U.K. court declares that California civil confinement law constitutes a 'flagrant abuse' of human rights

|The Volokh Conspiracy |

In 2004, Roger Giese was arrested in California and charged with a number of serious sexual offenses allegedly committed against an adolescent boy during a four-year period when the boy was under age 14. While out on bail, he fled to England; when he didn't show up for his trial, a warrant for his arrest was issued. In England, he took on a new identity and a new life—even founding a successful PR firm in Hampshire—and remained undetected by U.S. authorities for several years. In 2014, U.S. agents tracked him down and filed a request to U.K. authorities that he be arrested and extradited to the United States to stand trial.

It's a fairly routine procedure—but here, the magistrate judge denied the extradition request, and the appellate court (the High Court of Justice, Queen's Bench Division) recently upheld the denial.

The court held that extradition was inappropriate because (a) there was a "real risk" that, upon his return to the United States, Giese would be subject to California's procedures allowing for "civil commitment"—in the court's words, "indeterminate confinement in a secure facility which may be imposed in civil proceedings against a person who has been convicted of, and who has served his sentence for, certain types of sexual offence and who is deemed to be mentally ill and dangerous"—and (b) that this would result in a "flagrant denial" of his rights under the European Convention on Human Rights.

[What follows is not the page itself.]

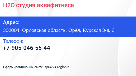 H2O, студия аквафитнеса по адресу 302004, Орловская область, Орёл, Курская 3-я, 3 в дальнейшем Организация, размещена в следующих категориях:
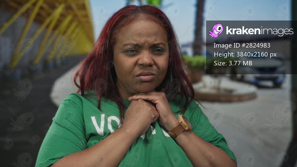 Woman clutching collar of green volunteer shirt with tense hands and glancing sideways on street; anxiety.

[More specifically, Art. 5 of the ECHR permits a "deprivation of liberty" only in certain specified cases, one of which is "the lawful detention … of persons of unsound mind …" But California's procedures, which the court parsed quite carefully, cast a much wider net than is permitted under this "unsound mind" exception.

"[W]hilst those of 'unsound mind' for the purposes of Article 5 may well [be] liable to civil commitment [under CA law], in the latter case the net is cast widely, and those with a mental diagnosis which falls far short of 'unsound mind' are likely to be committed." The court noted "testimony from experts on civil commitment practices in California" which showed that "California state law allows for an individual to be civilly committed just because he does not 'think correctly'," and that while this can "include severe mental disorder," it can also cover "people who just make the wrong decisions …" Furthermore, the California medical professionals responsible for identifying those "sexually violent predators" who are likely to commit future crimes have a "great deal of latitude" in making their determinations, and Giese could be civilly committed based only on a determination that he has a vaguely defined "antisocial behavior disorder."]

I've blogged about these grotesque and Kafkaesque—Keysey-esque, one is tempted to say—civil commitment statutes before, in the context of several recent cases (in Missouri and Minnesota) in which they have been declared to violate the Due Process Clause of the U.S. Constitution. I'm hopeful that this latest decision—the second time (see Sullivan v Government of USA [2012] EWHC 1680 (Admin)) that a U.K. court has found that U.S. civil commitment procedures violate basic human rights—though from a foreign court interpreting foreign law, will add to the weight and persuasiveness of the constitutional challenges to these schemes. [Calling Justice Breyer!]